Exhibit A why Carmack has lost it...
 
How so? I think he's right. Lots of games will target 30fps, no matter how powerful the machine. And he thinks that's too bad because of input latency, which is made worse by laggy TVs.
 
You guys are missing the point.

Bottom line, MS is making a lot of money right now off of xbox. And they stand to lose that (growing) profit stream if they screw up the xb720 offering. Some may choose a competing console, some may choose PC (not a huge loss, but a loss none the less), some may choose IOS/Android, and some may choose none of the above.

At the inflection point of a generational shift is not when one wants bad press extolling the underwhelming spec of the latest and greatest hardware offering(s), especially when it can be easily avoided.

What is the magic formula of spec budget vs profit? I don't know exactly what it is, but I do know what it isn't... and that's a huge risk to their currently golden goose.

How do you protect that Golden Goose with hugely unprofitable hardware if you don't have another Kinect to pull out at year 5, and you can't rapidly shrink because the nodes don't exist or are too expensive?

What if you strangle that Golden Goose by making hardware you can't afford to sell and that people can't afford to buy?

Releasing a console based on phone technology isn't the answer, but neither is building another PS360. What saved the 360 this gen can't be banked on next gen, so starting from the same position would be a mistake. That's a really valid point IMO.
 
360 wasn't unreasonable imo and building "another 360" would be great.

ps3 was, but all because of a $200 blu ray surcharge which is a seperate matter.

360 should be nicely profitable as is, and if the unforseen one off of rrod hadn't occured, even morseo.

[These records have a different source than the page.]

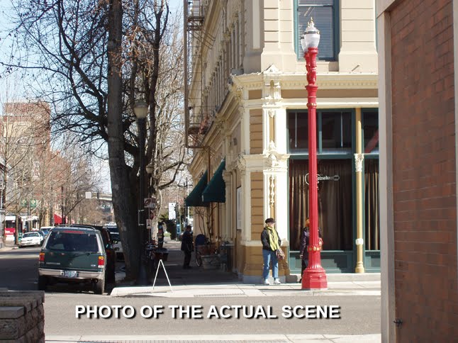 I sometimes enjoy playing with urban scenes like this as a break from the pristine plein air landscapes I usually paint. I was particularly pleased with this one and decided to include a photo of the scene along with my interpretation. Hope you like it.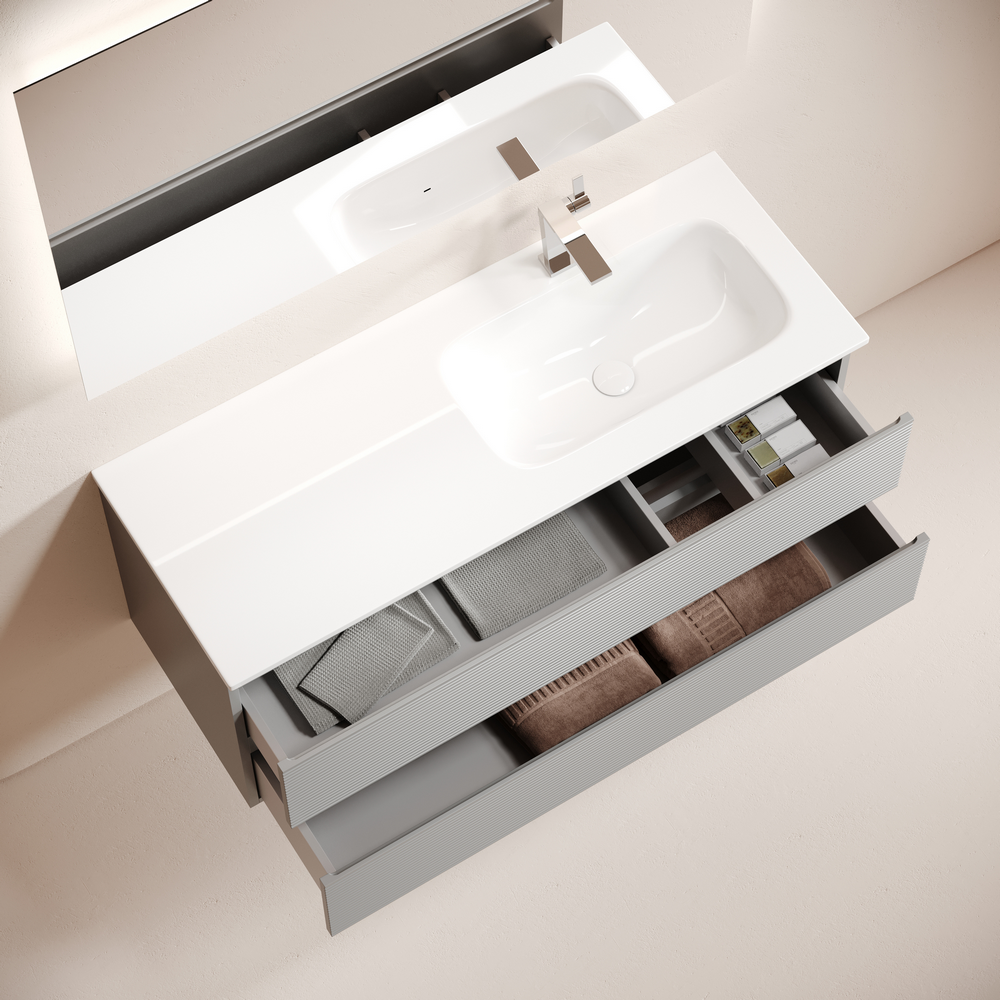 • Тумба с двумя выдвижными ящиками и с доводчиками скрытого монтажа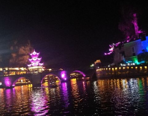 镇远古城的确很美,舞阳河蜿蜒流过,灵动秀丽。 全天都可乘船观光,但到晚8点后才看到灯光璀璨的效果。 比较遗憾的是船上不讲解。

I dont think Kinect changed the 360's trajectory vastly. I'd have to go back and look at sales but nothing was night and day.
 
I dont think Kinect changed the 360's trajectory vastly. I'd have to go back and look at sales but nothing was night and day.

I think Kinect has had a big impact on 360 sales, a big effect on profit margins of console sales, and a massive impact on the way the 360 is perceived by the public and used as a casual-friendly entertainment and advert box.

It would be fascinating to know how much user behaviour of the Xbox dash & services has changed since Metro and how usage varies between Kinect and none-Kinect devices.

The profits from sales of Kinect peripherals alone must be into the hundreds of millions of dollars (and after less than two years).
 
Exhibit A why Carmack has lost it...

Really?

What is incorrect with his statement that due to the input lag & processing latency many TV's add on top of games (which is over and above user input latency in the game engine as-is) pushes the balance more toward 60Hz over 30Hz -- especially in contrast to pre-HDTV where CRTs has essentially zero latency -- isn't a real design consideration?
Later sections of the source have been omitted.